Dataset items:
#####

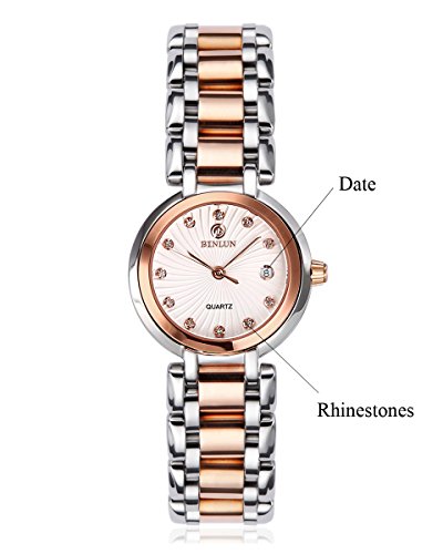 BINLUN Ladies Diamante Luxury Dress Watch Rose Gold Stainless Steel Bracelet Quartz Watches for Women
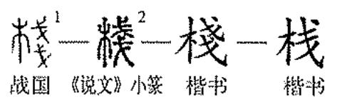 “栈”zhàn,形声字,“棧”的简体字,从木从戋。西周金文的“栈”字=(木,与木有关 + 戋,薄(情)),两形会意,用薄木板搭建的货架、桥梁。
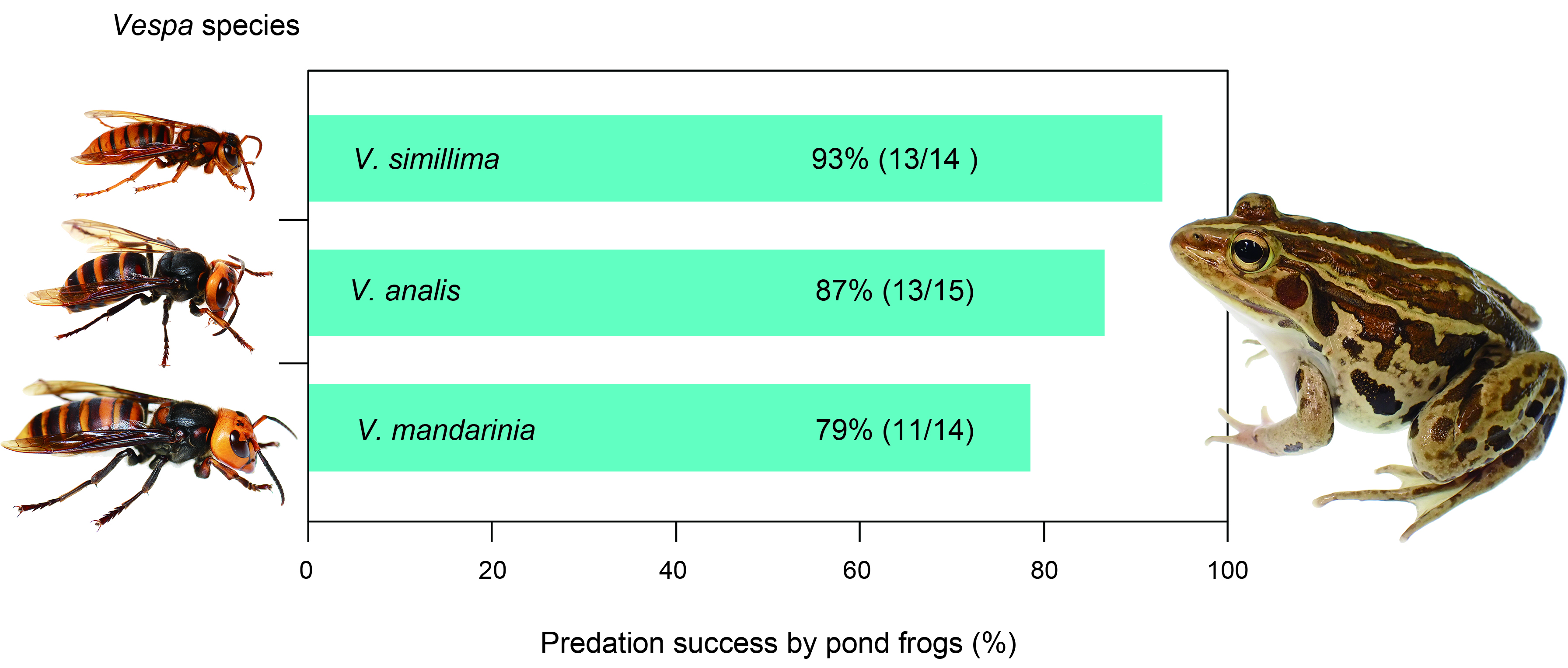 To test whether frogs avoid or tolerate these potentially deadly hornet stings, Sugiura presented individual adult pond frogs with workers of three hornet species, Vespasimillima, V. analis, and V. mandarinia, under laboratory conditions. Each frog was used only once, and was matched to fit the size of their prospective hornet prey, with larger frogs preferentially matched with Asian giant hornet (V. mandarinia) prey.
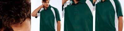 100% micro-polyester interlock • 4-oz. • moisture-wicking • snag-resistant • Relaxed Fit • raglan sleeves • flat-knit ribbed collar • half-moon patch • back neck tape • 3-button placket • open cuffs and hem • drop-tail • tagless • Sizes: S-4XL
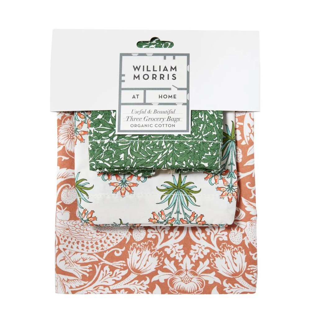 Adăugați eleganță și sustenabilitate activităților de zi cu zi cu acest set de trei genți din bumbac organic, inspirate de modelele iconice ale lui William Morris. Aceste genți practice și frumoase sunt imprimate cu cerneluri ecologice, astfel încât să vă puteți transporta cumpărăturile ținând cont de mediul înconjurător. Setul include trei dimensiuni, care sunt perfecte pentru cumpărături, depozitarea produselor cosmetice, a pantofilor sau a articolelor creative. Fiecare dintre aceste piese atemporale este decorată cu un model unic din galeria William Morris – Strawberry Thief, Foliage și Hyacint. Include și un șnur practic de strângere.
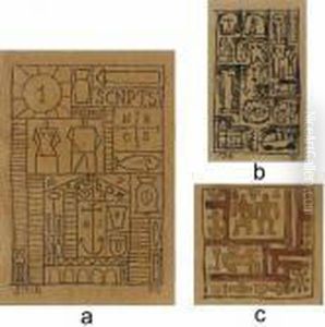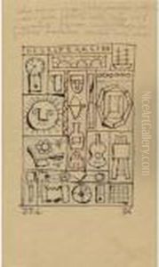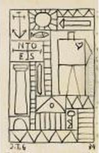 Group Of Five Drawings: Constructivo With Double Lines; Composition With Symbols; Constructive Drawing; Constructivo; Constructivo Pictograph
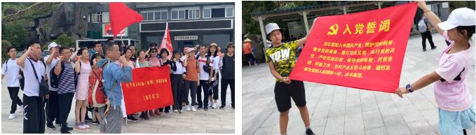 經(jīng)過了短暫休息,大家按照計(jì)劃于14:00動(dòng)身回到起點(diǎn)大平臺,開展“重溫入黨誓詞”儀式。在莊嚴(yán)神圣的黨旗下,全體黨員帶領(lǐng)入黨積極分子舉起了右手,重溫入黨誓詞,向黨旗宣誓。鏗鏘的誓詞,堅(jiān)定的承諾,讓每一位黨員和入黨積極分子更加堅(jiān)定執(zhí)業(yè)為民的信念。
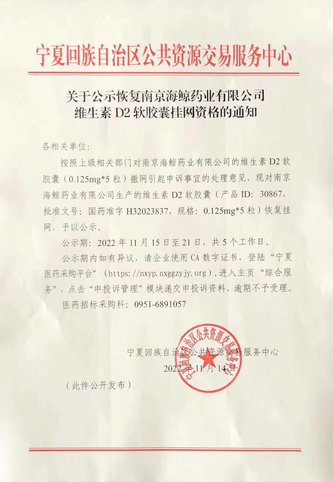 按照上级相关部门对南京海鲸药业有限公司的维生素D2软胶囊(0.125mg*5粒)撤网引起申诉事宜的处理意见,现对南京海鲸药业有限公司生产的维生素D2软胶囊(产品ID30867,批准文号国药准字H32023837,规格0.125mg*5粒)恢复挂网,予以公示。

#####

The range to print runs from the line with "Adăugați eleganță și" through the last line of the entries, both included; keep it exact and skip the pictures.

▶ Exercise output
 Adăugați eleganță și sustenabilitate activităților de zi cu zi cu acest set de trei genți din bumbac organic, inspirate de modelele iconice ale lui William Morris. Aceste genți practice și frumoase sunt imprimate cu cerneluri ecologice, astfel încât să vă puteți transporta cumpărăturile ținând cont de mediul înconjurător. Setul include trei dimensiuni, care sunt perfecte pentru cumpărături, depozitarea produselor cosmetice, a pantofilor sau a articolelor creative. Fiecare dintre aceste piese atemporale este decorată cu un model unic din galeria William Morris – Strawberry Thief, Foliage și Hyacint. Include și un șnur practic de strângere.
 Group Of Five Drawings: Constructivo With Double Lines; Composition With Symbols; Constructive Drawing; Constructivo; Constructivo Pictograph
 經(jīng)過了短暫休息,大家按照計(jì)劃于14:00動(dòng)身回到起點(diǎn)大平臺,開展“重溫入黨誓詞”儀式。在莊嚴(yán)神圣的黨旗下,全體黨員帶領(lǐng)入黨積極分子舉起了右手,重溫入黨誓詞,向黨旗宣誓。鏗鏘的誓詞,堅(jiān)定的承諾,讓每一位黨員和入黨積極分子更加堅(jiān)定執(zhí)業(yè)為民的信念。
 按照上级相关部门对南京海鲸药业有限公司的维生素D2软胶囊(0.125mg*5粒)撤网引起申诉事宜的处理意见,现对南京海鲸药业有限公司生产的维生素D2软胶囊(产品ID30867,批准文号国药准字H32023837,规格0.125mg*5粒)恢复挂网,予以公示。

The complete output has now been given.